The following code should be stored in egos.py:

import sys
import os
# we retrieve the folder as the first positional argument
# to the command-line call
if len(sys.argv) > 1:
    folder = sys.argv[1]
# we list all files in the specified folder
files = os.listdir(folder)
# ids contains the sorted list of all unique idenfitiers
ids = sorted(set(map(lambda file: int(file.split('.')[0]), files)))

The egos.py script accepts the facebook folder's relative path as an argument, and extracts all file identifiers in an ids variable. Each file in the dataset has the form ID.extension.


In [1]:
%run egos.py data/facebook

After using the %run command to execute this script, all variables defined in the script are available in the current user namespace. In particular, we can retrieve the ids variable here.


In [2]:
ids


Out[2]:
[0, 107, 348, 414, 686, 698, 1684, 1912, 3437, 3980]

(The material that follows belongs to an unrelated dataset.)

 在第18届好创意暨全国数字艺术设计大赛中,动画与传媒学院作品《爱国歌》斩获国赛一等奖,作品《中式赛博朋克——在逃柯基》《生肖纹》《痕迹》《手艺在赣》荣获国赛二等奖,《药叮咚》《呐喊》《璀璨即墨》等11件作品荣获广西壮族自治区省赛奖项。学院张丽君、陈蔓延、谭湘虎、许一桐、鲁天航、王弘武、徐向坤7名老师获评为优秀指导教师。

Whereas output variables are available in the namespace after the script's execution, variables available in IPython before its execution are not available within the script by default. For example, here we define the folder variable in the current namespace, and we call %run egos.py without an argument.


In [3]:
folder = 'data/facebook'

A NameError exception is expected here, because the folder variable is not defined in the script, although it is defined in the current namespace.


In [4]:
%run egos.py


---------------------------------------------------------------------------
NameError                                 Traceback (most recent call last)
IPython\utils\py3compat.pyc in execfile(fname, glob, loc)
    169             else:
    170                 filename = fname
--> 171             exec compile(scripttext, filename, 'exec') in glob, loc
    172     else:
    173         def execfile(fname, *where):

chapter2\egos.py in <module>()
      6     folder = sys.argv[1]
      7 # we list all files in the specified folder
----> 8 files = os.listdir(folder)
      9 # ids contains the sorted list of all unique idenfitiers
     10 ids = sorted(set(map(lambda file: int(file.split('.')[0]), files)))

NameError: name 'folder' is not defined

However, we can tell IPython explicitely to use the current user namespace for the external script's execution with the -i option.


In [5]:
%run -i egos.py

Now the script's execution works as expected, and the ids variable is available.


In [6]:
ids


Out[6]:
[0, 107, 348, 414, 686, 698, 1684, 1912, 3437, 3980]